**Extracted entries:**
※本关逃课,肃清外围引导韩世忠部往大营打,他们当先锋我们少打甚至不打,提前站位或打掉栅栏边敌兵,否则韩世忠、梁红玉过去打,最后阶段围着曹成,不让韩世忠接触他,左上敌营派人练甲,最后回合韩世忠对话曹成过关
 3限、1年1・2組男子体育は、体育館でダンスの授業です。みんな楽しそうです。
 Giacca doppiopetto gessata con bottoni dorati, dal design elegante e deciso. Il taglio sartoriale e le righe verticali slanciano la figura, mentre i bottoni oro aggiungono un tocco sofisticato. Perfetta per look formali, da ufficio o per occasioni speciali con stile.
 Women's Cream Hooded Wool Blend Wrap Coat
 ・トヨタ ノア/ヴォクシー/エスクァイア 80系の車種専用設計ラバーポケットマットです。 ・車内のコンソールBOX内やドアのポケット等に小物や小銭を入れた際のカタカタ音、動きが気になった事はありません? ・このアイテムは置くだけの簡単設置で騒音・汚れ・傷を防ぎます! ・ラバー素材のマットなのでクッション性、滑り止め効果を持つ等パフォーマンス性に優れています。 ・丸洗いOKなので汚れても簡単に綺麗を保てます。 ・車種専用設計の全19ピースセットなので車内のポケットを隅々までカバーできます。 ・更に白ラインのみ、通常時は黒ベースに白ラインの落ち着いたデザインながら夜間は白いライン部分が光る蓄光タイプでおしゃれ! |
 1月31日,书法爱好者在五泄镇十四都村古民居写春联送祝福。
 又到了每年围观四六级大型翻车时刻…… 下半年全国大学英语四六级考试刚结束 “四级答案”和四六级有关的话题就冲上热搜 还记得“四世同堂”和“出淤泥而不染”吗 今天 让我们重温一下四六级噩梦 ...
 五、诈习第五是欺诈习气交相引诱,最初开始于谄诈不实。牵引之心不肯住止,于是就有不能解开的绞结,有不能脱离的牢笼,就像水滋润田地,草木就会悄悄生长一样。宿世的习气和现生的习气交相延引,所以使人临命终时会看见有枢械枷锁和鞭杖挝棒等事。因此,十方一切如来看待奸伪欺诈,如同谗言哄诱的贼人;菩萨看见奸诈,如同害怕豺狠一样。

* * *

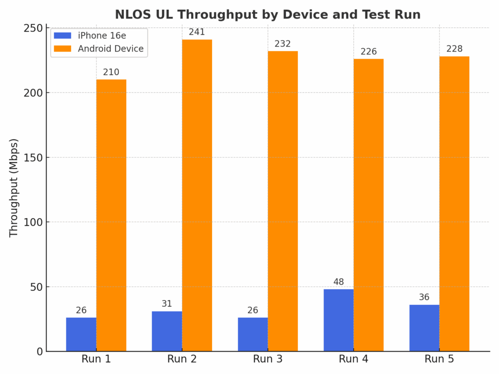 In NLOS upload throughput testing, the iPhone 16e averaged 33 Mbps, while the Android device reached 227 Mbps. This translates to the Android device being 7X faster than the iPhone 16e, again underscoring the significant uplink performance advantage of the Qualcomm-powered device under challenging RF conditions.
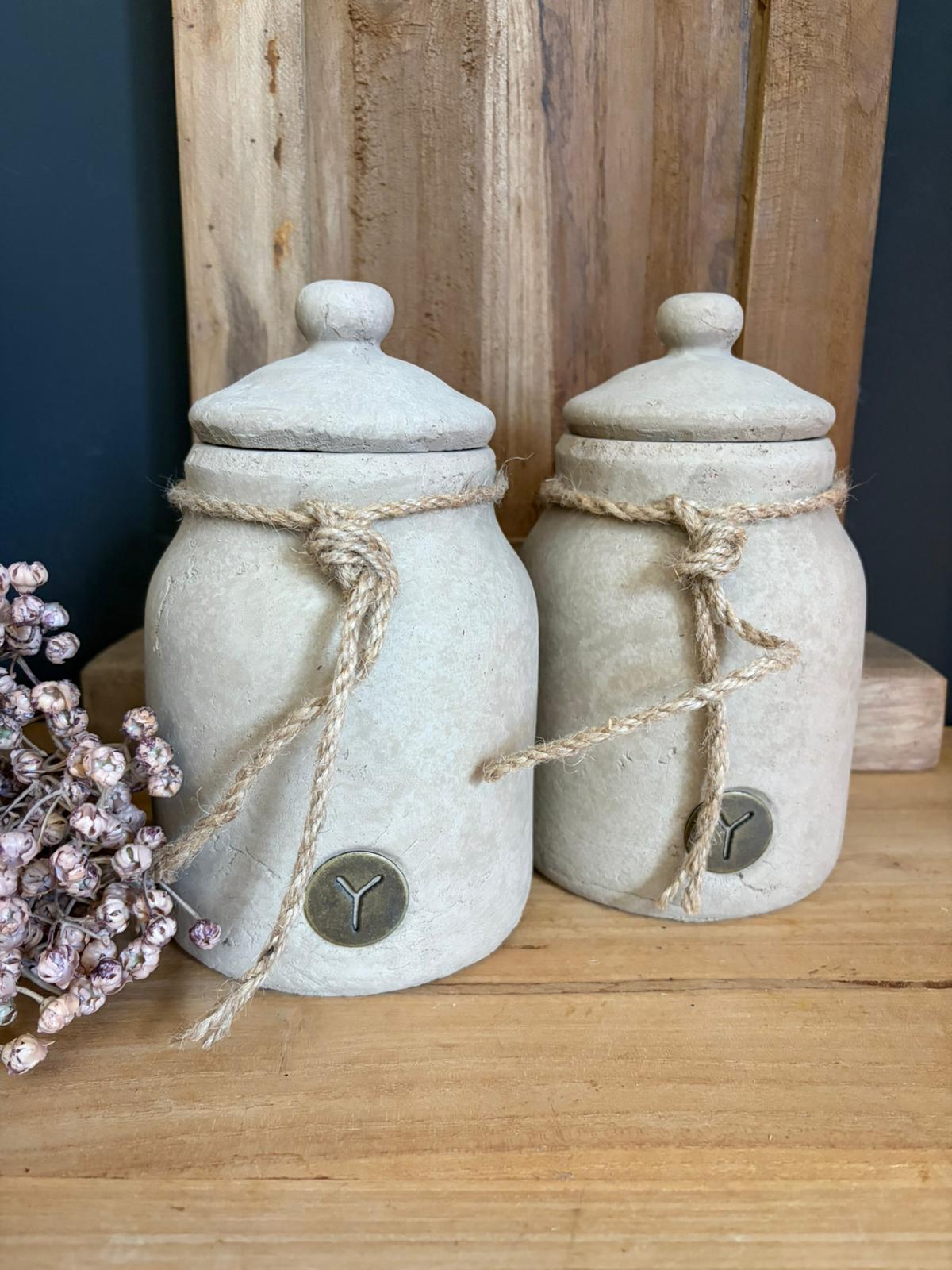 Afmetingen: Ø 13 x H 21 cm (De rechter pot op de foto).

**Task item:** In the entries above, find the line with "Women's Cream Hooded Wool Blend Wrap Coat" and the line with "五、诈习第五是欺诈习气交相引", then set down exactly those two and every line between them, nothing else.

**Answer to this task:**
 Women's Cream Hooded Wool Blend Wrap Coat
 ・トヨタ ノア/ヴォクシー/エスクァイア 80系の車種専用設計ラバーポケットマットです。 ・車内のコンソールBOX内やドアのポケット等に小物や小銭を入れた際のカタカタ音、動きが気になった事はありません? ・このアイテムは置くだけの簡単設置で騒音・汚れ・傷を防ぎます! ・ラバー素材のマットなのでクッション性、滑り止め効果を持つ等パフォーマンス性に優れています。 ・丸洗いOKなので汚れても簡単に綺麗を保てます。 ・車種専用設計の全19ピースセットなので車内のポケットを隅々までカバーできます。 ・更に白ラインのみ、通常時は黒ベースに白ラインの落ち着いたデザインながら夜間は白いライン部分が光る蓄光タイプでおしゃれ! |
 1月31日,书法爱好者在五泄镇十四都村古民居写春联送祝福。
 又到了每年围观四六级大型翻车时刻…… 下半年全国大学英语四六级考试刚结束 “四级答案”和四六级有关的话题就冲上热搜 还记得“四世同堂”和“出淤泥而不染”吗 今天 让我们重温一下四六级噩梦 ...
 五、诈习第五是欺诈习气交相引诱,最初开始于谄诈不实。牵引之心不肯住止,于是就有不能解开的绞结,有不能脱离的牢笼,就像水滋润田地,草木就会悄悄生长一样。宿世的习气和现生的习气交相延引,所以使人临命终时会看见有枢械枷锁和鞭杖挝棒等事。因此,十方一切如来看待奸伪欺诈,如同谗言哄诱的贼人;菩萨看见奸诈,如同害怕豺狠一样。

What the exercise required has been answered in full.